* _ASSIGNED TASK_
Beginning with the line that contains "Durant continues defending" in the material below, print each line exactly until the line that contains "MAGICMAI S Shaped" has been printed, then stop.

* _GIVEN INFORMATION_
──────────────────────────────
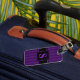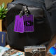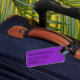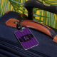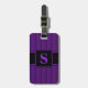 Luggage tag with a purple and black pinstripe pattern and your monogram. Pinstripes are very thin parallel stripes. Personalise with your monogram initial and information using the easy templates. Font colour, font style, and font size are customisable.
──────────────────────────────
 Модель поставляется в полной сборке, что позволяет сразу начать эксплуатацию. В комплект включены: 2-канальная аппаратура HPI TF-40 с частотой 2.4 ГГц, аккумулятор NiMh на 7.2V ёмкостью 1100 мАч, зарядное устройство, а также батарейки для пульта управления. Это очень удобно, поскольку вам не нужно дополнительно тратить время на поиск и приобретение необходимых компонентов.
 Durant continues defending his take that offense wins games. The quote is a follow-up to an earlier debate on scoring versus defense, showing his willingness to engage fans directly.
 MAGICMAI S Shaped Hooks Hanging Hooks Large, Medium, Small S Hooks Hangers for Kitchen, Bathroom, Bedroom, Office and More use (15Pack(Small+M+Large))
──────────────────────────────
* _SOLUTION TO THE EXERCISE_
 Durant continues defending his take that offense wins games. The quote is a follow-up to an earlier debate on scoring versus defense, showing his willingness to engage fans directly.
 MAGICMAI S Shaped Hooks Hanging Hooks Large, Medium, Small S Hooks Hangers for Kitchen, Bathroom, Bedroom, Office and More use (15Pack(Small+M+Large))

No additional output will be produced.